• [Saved data entries]:
☆ ☆ ☆ ☆
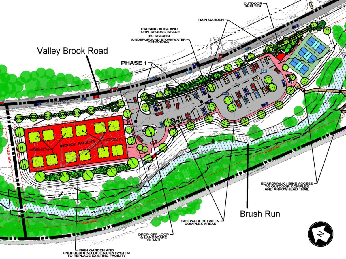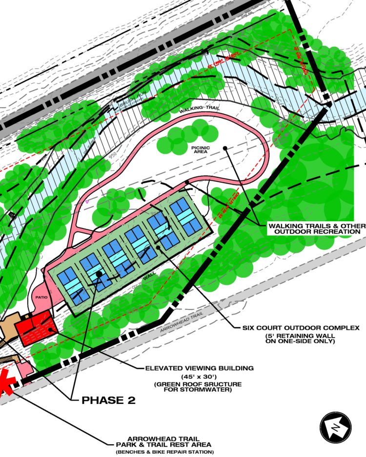 The first features construction of outdoor pickleball courts to “eventually be a covered facility,” Wetzel said, along with a boardwalk-style bridge across Brush Run providing access to the nearby Arrowhead Trail. Phase Two includes six outdoor courts, an “elevated viewing building” and walking trails.
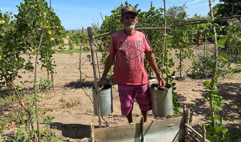 No local, ele e a esposa plantam uma grande variedade de frutas, verduras e legumes. Mas para irrigar é preciso buscar água em um açude distante.
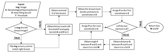 Nevertheless, an important factor to consider is the orientation of the breast. Hence, both images (i.e., left, and right breast images) were adjusted to the same orientation, i.e., towards the right. The hypothesis proposes that the set of distances would differ between left and right views of the breast. To maintain consistency and ensure direct comparability, all images were oriented toward the right. Although orienting the image set towards the left is feasible, it would necessitate image reprocessing and algorithm adjustments to adjust the left-oriented images. Our specific focus on the right-oriented images allowed us to investigate the impact of asymmetry on the right breast and evaluate the effectiveness of our proposed approach. Figure 3 presents the flowchart used to obtain a collection of distances between the centroid and the edge of the breast, depicted in Figure 4. Appendix A provides the pseudocode for the algorithm.
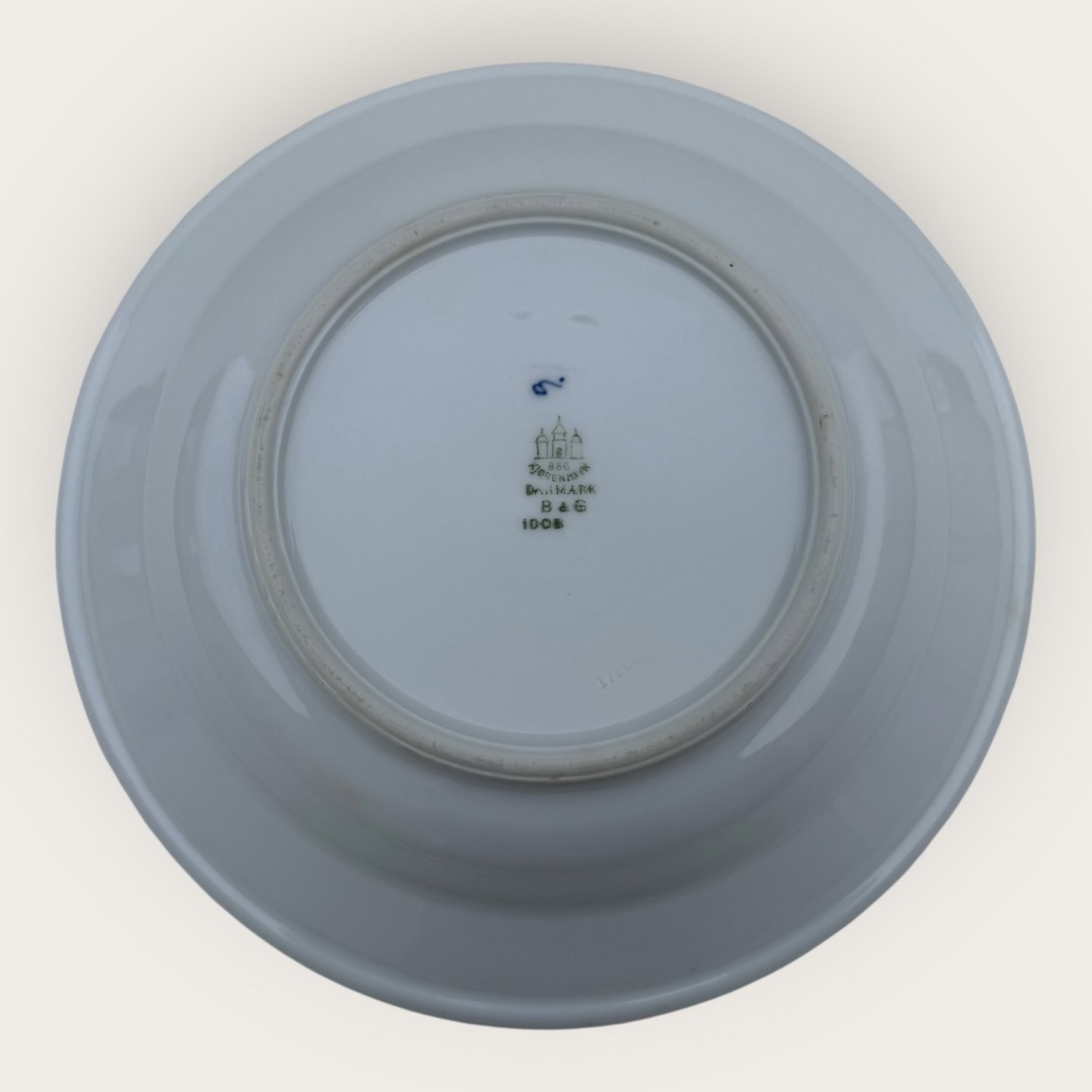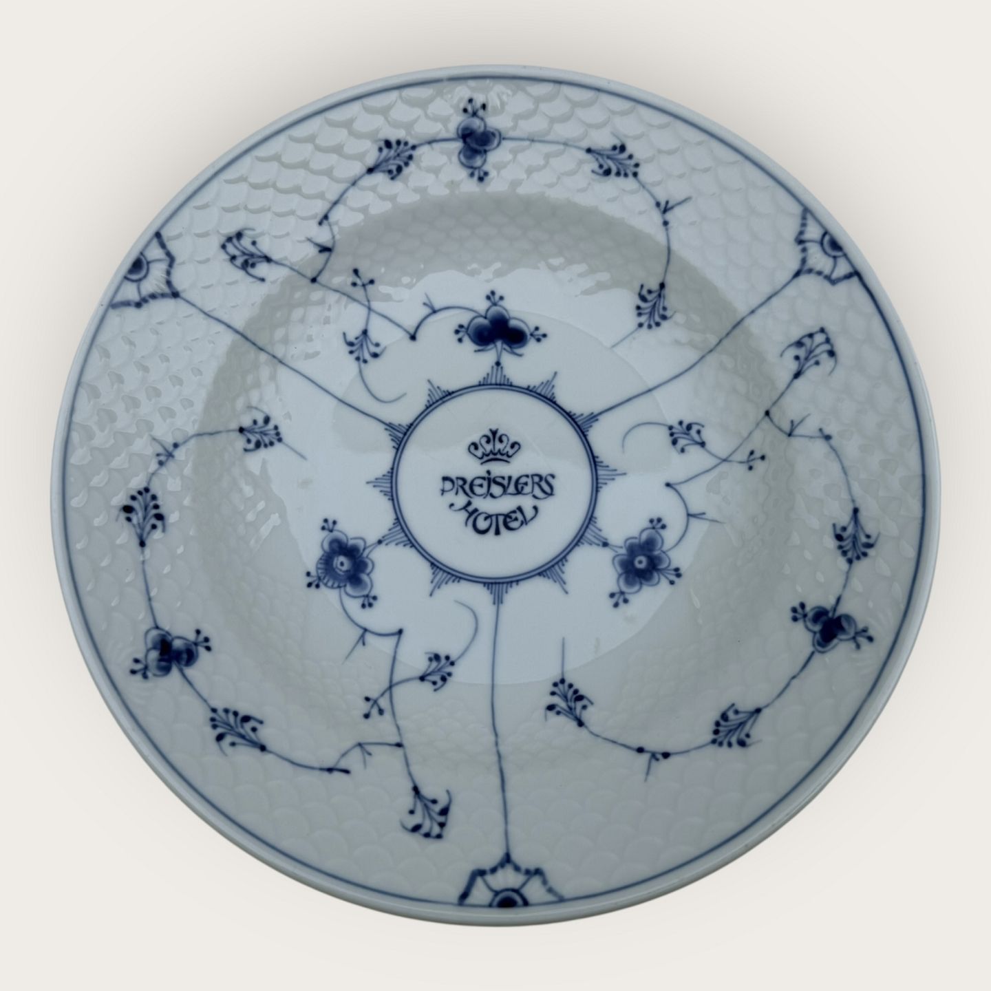 Bing & Grondahl, Blue painted (Blue Fluted), #1008, large deep plate in hotel porcelain (Iron porcelain) with logo from Preislers Hotel, 25cm in diameter, 1st grade * Good condition*
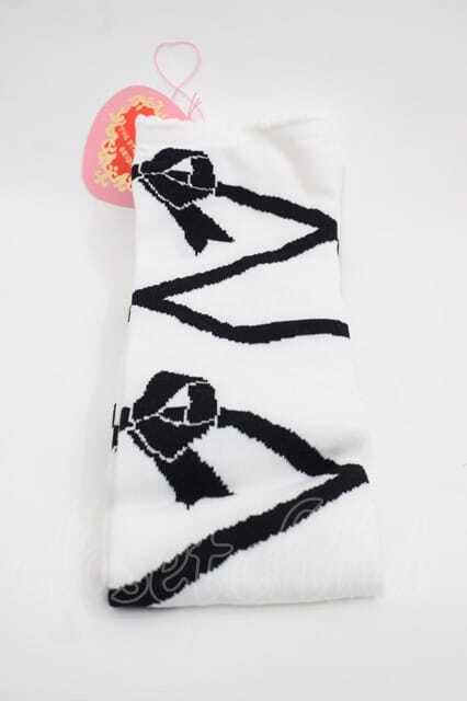 BABY,THE STARS SHINE BRIGHT / レースアップリボン柄オーバーニーソックス 白X黒 I-25-09-15-116-BA-ZA-HD-ZI
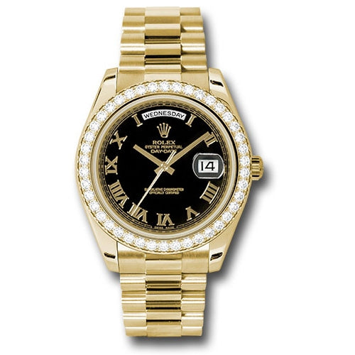 Rolex 218348 bkrp Oyster Perpetual Day-Date II Watch. The Rolex President. 41mm 18kt yellow gold case, bezel set with 42 diamonds, black dial, Roman numerals, and President bracelet.
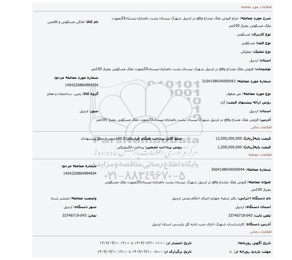 شرح مورد معامله: حراج فروش ملک مشاع واقع در اردبیل شهرک نیستان پشت دامداری-نیستان33بصورت ملک مسکونی بمتراژ 100متر | نام کالا: اماکن مسکونی و اقامتی | |
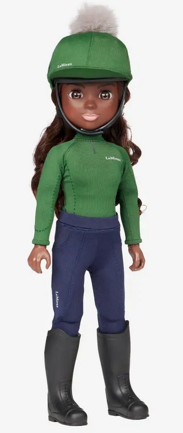 One of three interactive, fully articulated, high-quality equestrian dolls with individual personalities and matching outfits in LeMieux core colours, Maya has luscious, real-feel, brushable long dark hair and natural eyelashes. She comes wearing removable replica LeMieux riding wear in Hunter Green, with a removable riding helmet and boots.
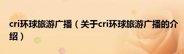 大家好,小新来为大家解答以上的问题。cri环球旅游广播,关于cri环球旅游广播的介绍很多人还不知道,现在让我们一起来看看吧!
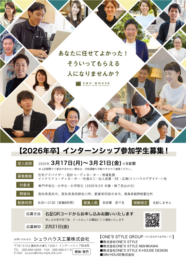 シュウハウスでは、3/17(月)~3/21(金)の5日間をインターンシップ開催で予定しています。
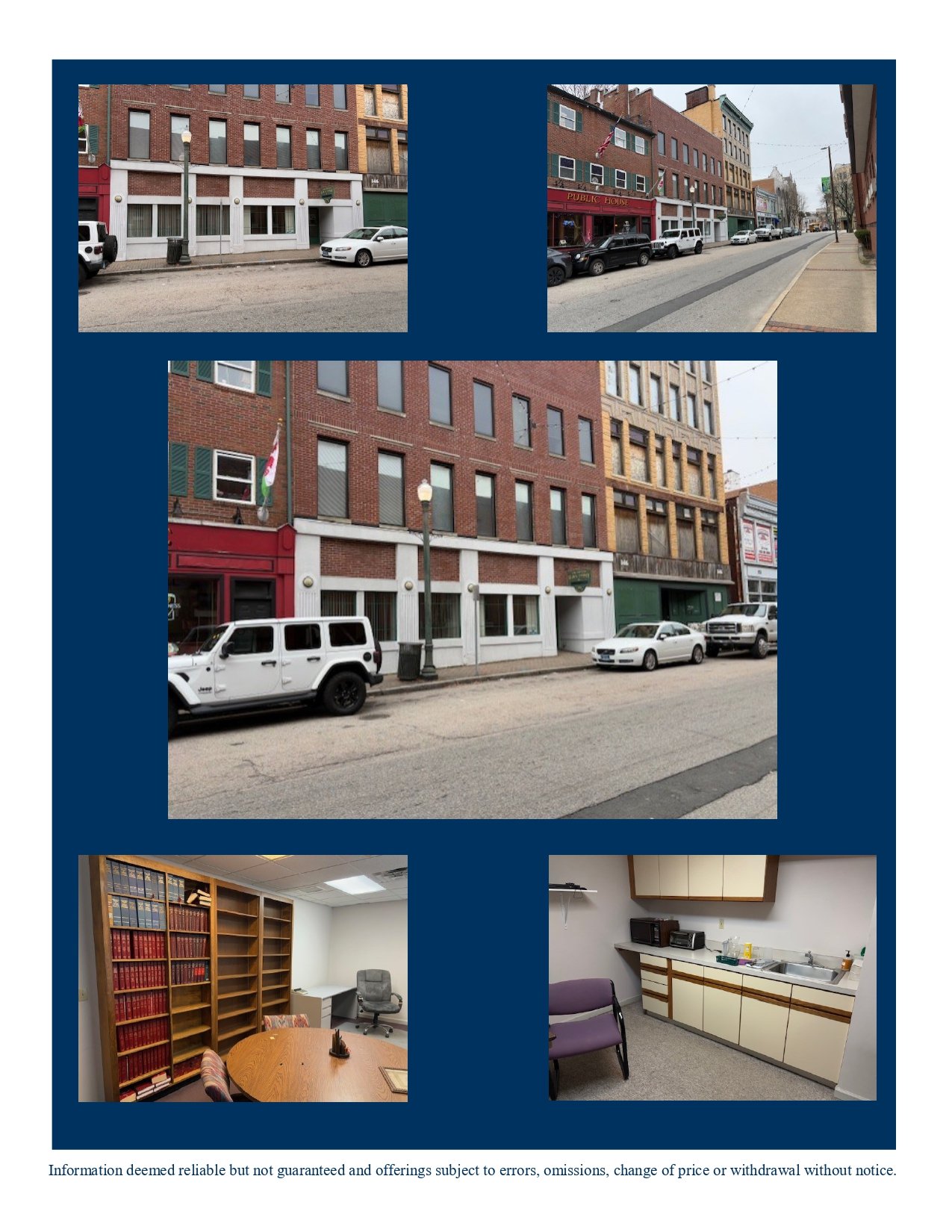 Nice first floor former attorney’s office of Block & Janney. The 2,646sf space includes two baths, a kitchen, a large conference room, and two open areas which can be divided into private offices. (Second and third floor nice offices may be added on.)  Also, the first-floor space may be enlarged. Located across the street from the courthouse and a quick walk to the waterfront. Next door to the Harp & Dragon Pub. On-street parking; public lot available. For Lease $2,400/mo + utilities.
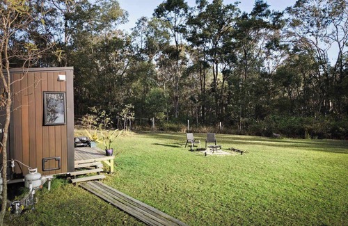 The Mini Chalet by Tiny Away is a farm stay located in the peaceful suburb of Mundoolun, just 18 minutes from Beaudesert. This tiny house is part of our collection of unique holiday homes, offering a quiet rural escape surrounded by lush landscapes and beautiful views.
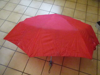 parapluie rouge , une baleine cassée qui se répare, fonctionne encore peut être pour récupération du tissus de nylon ou autre bricolage
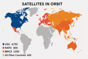 Svjetska karta prikazuje broj satelita u orbiti po državama, s naglaskom na SAD, NATO, BRICS i druge zemlje, uz boje koje ilustriraju veliku dominaciju SAD-a i tehnološke razlike među regijama.
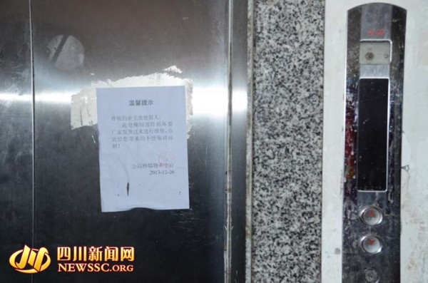 2013年12月26日因电梯报警器连续响彻4天未停,物管方将其关闭,并贴出提示
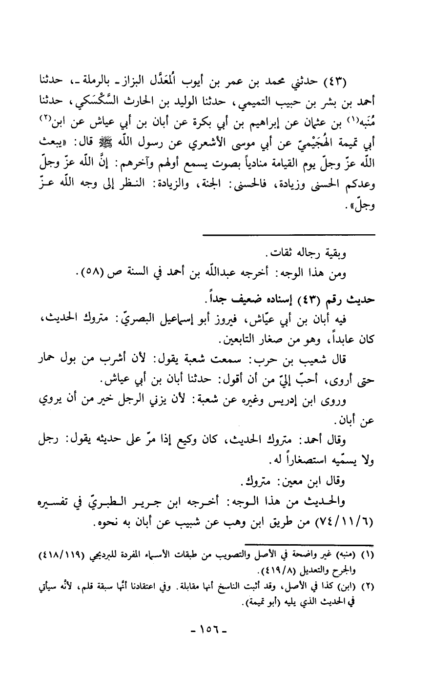 43 - حَدَّثَنِي مُحَمَّدُ بْنُ عُمَرَ بْنِ أَيُّوبَ الْمُعَدَّلُ الْبَزَّازُ، بِالرَّمْلَةِ، حَدَّثَنَا أَحْمَدُ بْنُ بِشْرِ بْنِ حَبِيبٍ التَّمِيمِيُّ، حَدَّثَنَا الْوَلِيدُ بْنُ الْحَارِثِ السَّكْسَكِيُّ، حَدَّثَنَا مُنَبِّهُ بْنُ عُثْمَانَ، عَنْ إِبْرَاهِيمَ بْنِ أَبِي بَكْرَةَ عَنْ أَبَانَ بْنِ أَبِي عَيَّاشٍ عَنِ أَبِي تَمِيمَةَ الْهُجَيْمِيِّ عَنْ أَبِي مُوسَى الْأَشْعَرِيِّ، عَنْ رَسُولِ اللَّهِ صَلَّى اللَّهُ عَلَيْهِ وَسَلَّمَ قَالَ: " §يَبْعَثُ اللَّهُ عَزَّ وَجَلَّ يَوْمَ الْقِيَامَةِ مُنَادِيًا بِصَوْتٍ يُسْمِعُ أَوَّلَهُمْ وَآخِرَهُمْ: إِنَّ اللهَ عَزَّ وَجَلَّ وَعَدَكُمُ الْحُسْنَى وَزِيَادَةً، فَالْحُسْنَى: الْجَنَّةُ، وَالزِّيَادَةُ: النَّظَرُ إِلَى وَجْهِ اللَّهِ عَزَّ وَجَلَّ "
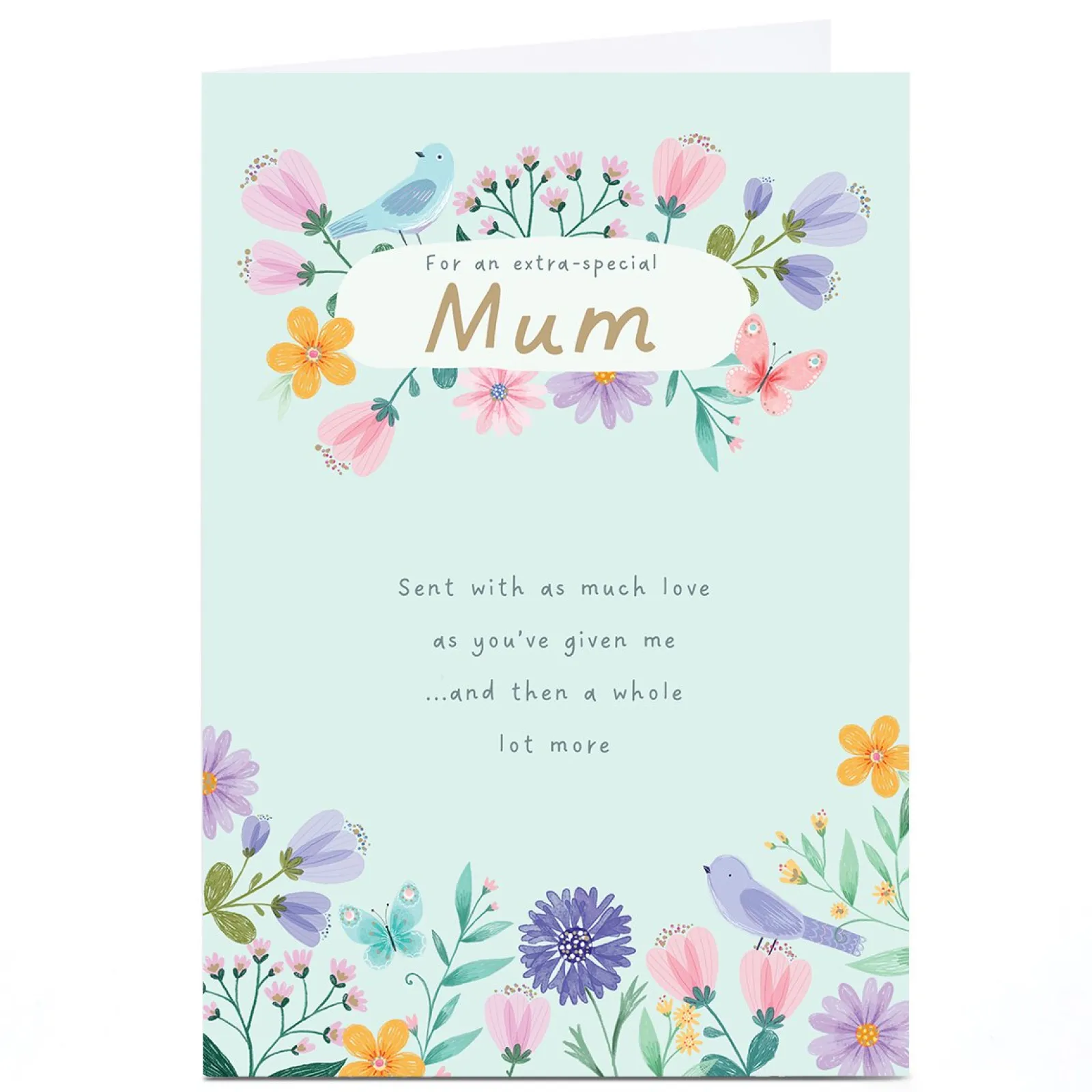 Card Factory Personalised Birthday Card – Spring Flowers and Birds, Mum
☆ ☆ ☆ ☆
• [Your objective]: Pictures aside, write out all of the records exactly.

• [Exercise answer]:
 The first features construction of outdoor pickleball courts to “eventually be a covered facility,” Wetzel said, along with a boardwalk-style bridge across Brush Run providing access to the nearby Arrowhead Trail. Phase Two includes six outdoor courts, an “elevated viewing building” and walking trails.
 No local, ele e a esposa plantam uma grande variedade de frutas, verduras e legumes. Mas para irrigar é preciso buscar água em um açude distante.
 Nevertheless, an important factor to consider is the orientation of the breast. Hence, both images (i.e., left, and right breast images) were adjusted to the same orientation, i.e., towards the right. The hypothesis proposes that the set of distances would differ between left and right views of the breast. To maintain consistency and ensure direct comparability, all images were oriented toward the right. Although orienting the image set towards the left is feasible, it would necessitate image reprocessing and algorithm adjustments to adjust the left-oriented images. Our specific focus on the right-oriented images allowed us to investigate the impact of asymmetry on the right breast and evaluate the effectiveness of our proposed approach. Figure 3 presents the flowchart used to obtain a collection of distances between the centroid and the edge of the breast, depicted in Figure 4. Appendix A provides the pseudocode for the algorithm.
 Bing & Grondahl, Blue painted (Blue Fluted), #1008, large deep plate in hotel porcelain (Iron porcelain) with logo from Preislers Hotel, 25cm in diameter, 1st grade * Good condition*
 BABY,THE STARS SHINE BRIGHT / レースアップリボン柄オーバーニーソックス 白X黒 I-25-09-15-116-BA-ZA-HD-ZI
 Rolex 218348 bkrp Oyster Perpetual Day-Date II Watch. The Rolex President. 41mm 18kt yellow gold case, bezel set with 42 diamonds, black dial, Roman numerals, and President bracelet.
 شرح مورد معامله: حراج فروش ملک مشاع واقع در اردبیل شهرک نیستان پشت دامداری-نیستان33بصورت ملک مسکونی بمتراژ 100متر | نام کالا: اماکن مسکونی و اقامتی | |
 One of three interactive, fully articulated, high-quality equestrian dolls with individual personalities and matching outfits in LeMieux core colours, Maya has luscious, real-feel, brushable long dark hair and natural eyelashes. She comes wearing removable replica LeMieux riding wear in Hunter Green, with a removable riding helmet and boots.
 大家好,小新来为大家解答以上的问题。cri环球旅游广播,关于cri环球旅游广播的介绍很多人还不知道,现在让我们一起来看看吧!
 シュウハウスでは、3/17(月)~3/21(金)の5日間をインターンシップ開催で予定しています。
 Nice first floor former attorney’s office of Block & Janney. The 2,646sf space includes two baths, a kitchen, a large conference room, and two open areas which can be divided into private offices. (Second and third floor nice offices may be added on.)  Also, the first-floor space may be enlarged. Located across the street from the courthouse and a quick walk to the waterfront. Next door to the Harp & Dragon Pub. On-street parking; public lot available. For Lease $2,400/mo + utilities.
 The Mini Chalet by Tiny Away is a farm stay located in the peaceful suburb of Mundoolun, just 18 minutes from Beaudesert. This tiny house is part of our collection of unique holiday homes, offering a quiet rural escape surrounded by lush landscapes and beautiful views.
 parapluie rouge , une baleine cassée qui se répare, fonctionne encore peut être pour récupération du tissus de nylon ou autre bricolage
 Svjetska karta prikazuje broj satelita u orbiti po državama, s naglaskom na SAD, NATO, BRICS i druge zemlje, uz boje koje ilustriraju veliku dominaciju SAD-a i tehnološke razlike među regijama.
 2013年12月26日因电梯报警器连续响彻4天未停,物管方将其关闭,并贴出提示
 43 - حَدَّثَنِي مُحَمَّدُ بْنُ عُمَرَ بْنِ أَيُّوبَ الْمُعَدَّلُ الْبَزَّازُ، بِالرَّمْلَةِ، حَدَّثَنَا أَحْمَدُ بْنُ بِشْرِ بْنِ حَبِيبٍ التَّمِيمِيُّ، حَدَّثَنَا الْوَلِيدُ بْنُ الْحَارِثِ السَّكْسَكِيُّ، حَدَّثَنَا مُنَبِّهُ بْنُ عُثْمَانَ، عَنْ إِبْرَاهِيمَ بْنِ أَبِي بَكْرَةَ عَنْ أَبَانَ بْنِ أَبِي عَيَّاشٍ عَنِ أَبِي تَمِيمَةَ الْهُجَيْمِيِّ عَنْ أَبِي مُوسَى الْأَشْعَرِيِّ، عَنْ رَسُولِ اللَّهِ صَلَّى اللَّهُ عَلَيْهِ وَسَلَّمَ قَالَ: " §يَبْعَثُ اللَّهُ عَزَّ وَجَلَّ يَوْمَ الْقِيَامَةِ مُنَادِيًا بِصَوْتٍ يُسْمِعُ أَوَّلَهُمْ وَآخِرَهُمْ: إِنَّ اللهَ عَزَّ وَجَلَّ وَعَدَكُمُ الْحُسْنَى وَزِيَادَةً، فَالْحُسْنَى: الْجَنَّةُ، وَالزِّيَادَةُ: النَّظَرُ إِلَى وَجْهِ اللَّهِ عَزَّ وَجَلَّ "
 Card Factory Personalised Birthday Card – Spring Flowers and Birds, Mum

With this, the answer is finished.